Case Study: Law Firm LLP Caught by AMT
Multi-city Law Firm, Mumbai — Tax Year 2026-27
Vyas & Associates LLP has 12 partners. In Tax Year 2026-27: gross professional receipts ₹8 crore, expenses ₹5.5 crore, net profit ₹2.5 crore. Partner remuneration allowed under Section 55 (new Act, old Section 40(b)): ₹2 crore. Taxable LLP income: ₹50 lakh.
The LLP also donated ₹40 lakh to a registered charitable trust under Section 90 (new, old 80G) — eligible for 50% deduction = ₹20 lakh. Normal taxable income = ₹50L − ₹20L = ₹30 lakh. Normal tax at 30% = ₹9 lakh.

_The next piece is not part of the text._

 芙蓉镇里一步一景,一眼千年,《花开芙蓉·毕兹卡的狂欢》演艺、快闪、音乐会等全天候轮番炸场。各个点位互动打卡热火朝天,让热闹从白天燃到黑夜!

AMT computation: Adjusted total income = ₹30L + ₹20L (add back 80G) = ₹50 lakh. AMT = 18.5% × ₹50L = ₹9.25 lakh. AMT (₹9.25L) > normal tax (₹9L) — LLP pays AMT of ₹9.25 lakh and gets AMT credit of ₹0.25 lakh.
Normal Tax
₹9.00 lakh
AMT Payable
₹9.25 lakh
AMT Credit Utilisation
AMT credit (AMT paid minus normal tax) is carried forward under Section 231 for up to 15 tax years. In any subsequent year where normal tax exceeds AMT, the accumulated AMT credit can be offset against the excess.

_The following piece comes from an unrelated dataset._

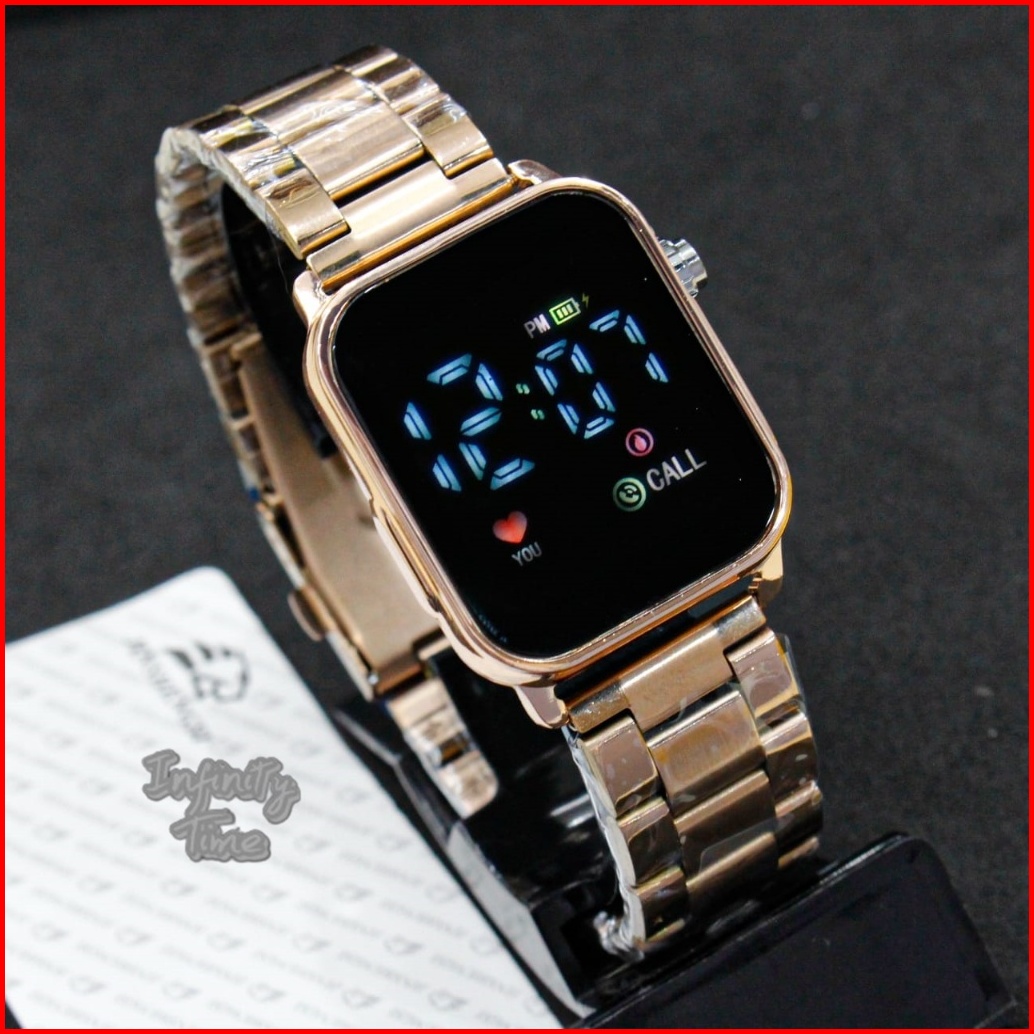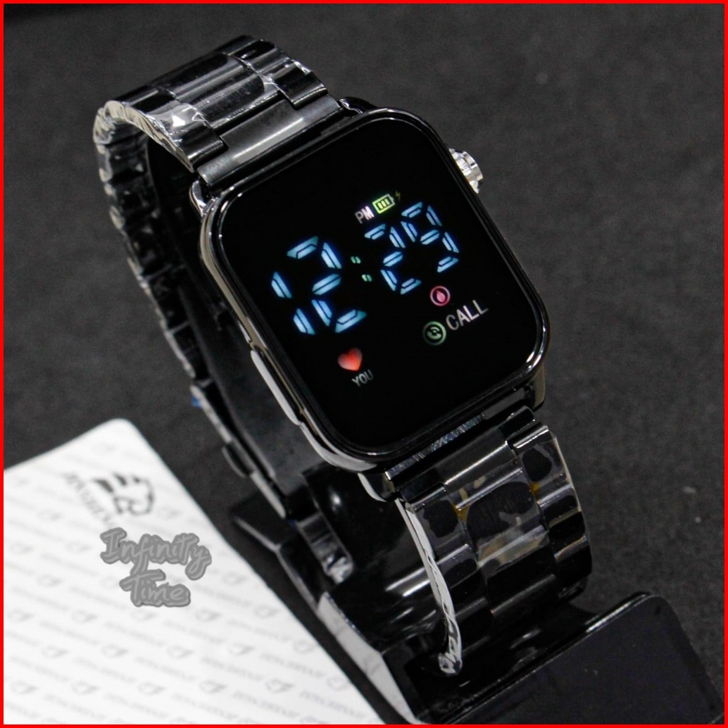 Jam Tangan Led Watch Jss3642 Digital Cowok Cewek Strap Rantai Stainless

AMT Compliance Points for LLP Partners
Compute adjusted total income — total income plus all add-back deductions
Apply 18.5% to adjusted total income — compare with normal tax
If AMT is higher, pay AMT and claim credit for excess in Form ITR-5
Track AMT credit balance separately under Section 207 — 15-year expiry applies
If planning 35AD deductions: model AMT impact before committing to investment
AMT does not apply to individuals with income below ₹20 lakh — check threshold before computing
Frequently Asked Questions
AMT under Section 206 of the Income-tax Act 2025 applies to all LLPs, firms, individuals, HUFs, AOPs, and BOIs whose adjusted total income exceeds ₹20 lakh. If adjusted total income (after adding back deductions) is ₹20 lakh or below, AMT does not apply. For individuals (not LLPs), AMT is less common in practice as Chapter VI-A deductions for individuals are not added back for AMT computation in many cases.

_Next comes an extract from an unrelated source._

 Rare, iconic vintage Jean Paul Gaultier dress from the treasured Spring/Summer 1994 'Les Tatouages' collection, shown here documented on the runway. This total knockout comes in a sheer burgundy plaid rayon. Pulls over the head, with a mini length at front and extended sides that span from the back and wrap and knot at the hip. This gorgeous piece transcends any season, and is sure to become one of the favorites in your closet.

Under Section 230 of the Income-tax Act 2025 (old Section 115JC), the AMT rate is 18.5% of adjusted total income (total income + specified deductions added back). With health and education cess at 4% and applicable surcharge, the effective AMT rate for most LLPs is approximately 19.24%. AMT credit (excess of AMT over normal tax) can be carried forward for 15 years under Section 231.